1) Resource for new activities: Media can help parents identify activities that promote children’s STEM learning or various other learning (e.g., craft work). For example, parents visited blogs like The Maker Mom for fun STEM project ideas, or Pinterest for fun craft activities.


2) Learn STEM concepts: You can use outlets such as YouTube to show your child videos of animals or situations new to them such as clams or natural phenomena like earthquakes.


3) Incorporate assistive technologies apt for children with special needs: For example, assistive technologies can provide text-to-speech (e.g., Kurzweil 3000), speech-to-text (e.g., Dragon Naturally Speaking), word prediction capabilities (e.g., WordQ), and graphic organizers (e.g., Inspiration).

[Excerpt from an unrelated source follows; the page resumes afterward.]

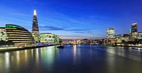 Londense skyline op de Theems op het blauwe uur
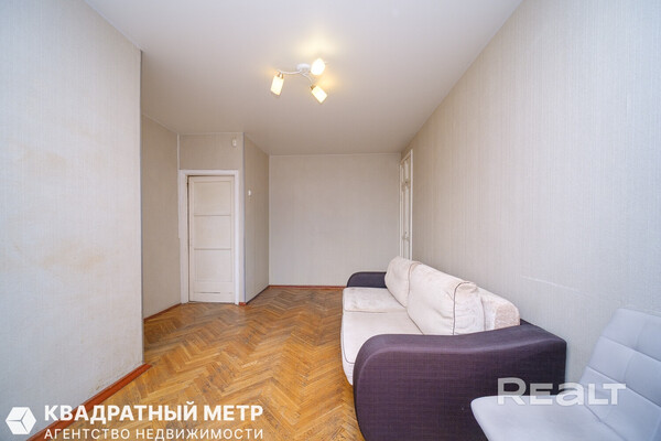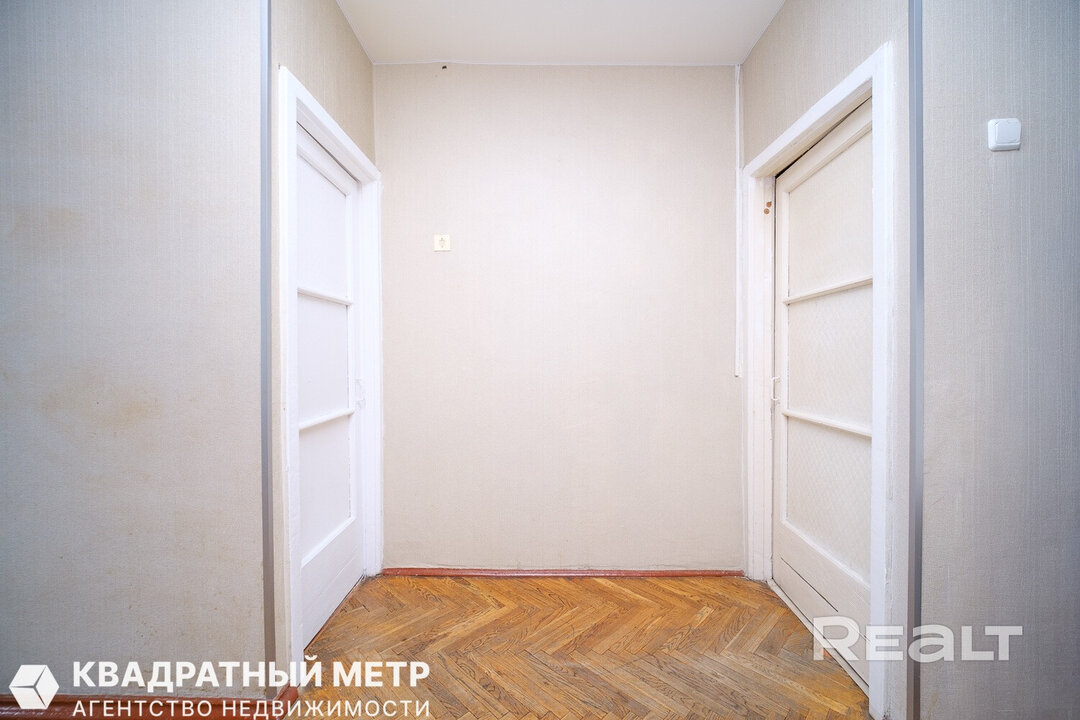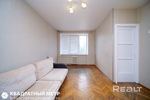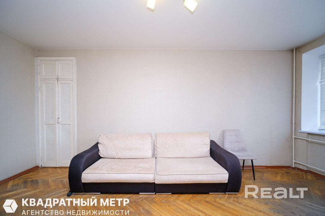 Последний вариант нашей подборки — двухкомнатная квартира на Козлова, 25. Пятый этаж пятиэтажного дома 1962 года постройки. До станции метро «Площадь Якуба Коласа» — около полутора километра. Чуть ближе до «Площади Победы».

4) Explore digital storytelling: You can create digital books with your child where they can even illustrate drawings and/or read along as the narrator.


5) Make digital audio or video files to document their progress: This not only helps provide good date filing but also allows us to witness the small wins and celebrate them as we go.


Media is not the enemy of learning but can be used to enhance young childrens understanding of the world around them. Use it wisely, use it well – bring a whole new world to your child’s learning experience.


Written by Joey.


References


Common Sense Media. 2011. Zero to Eight: Children’s Media Use in America. San Francisco: Author. www.commonsensemedia.org/ research/zero-eight-childrens-media-use-america


Anderson, G.T. 2000. “Computers in a Developmentally Appropriate Curriculum.” Young Children 55 (2): 90–93.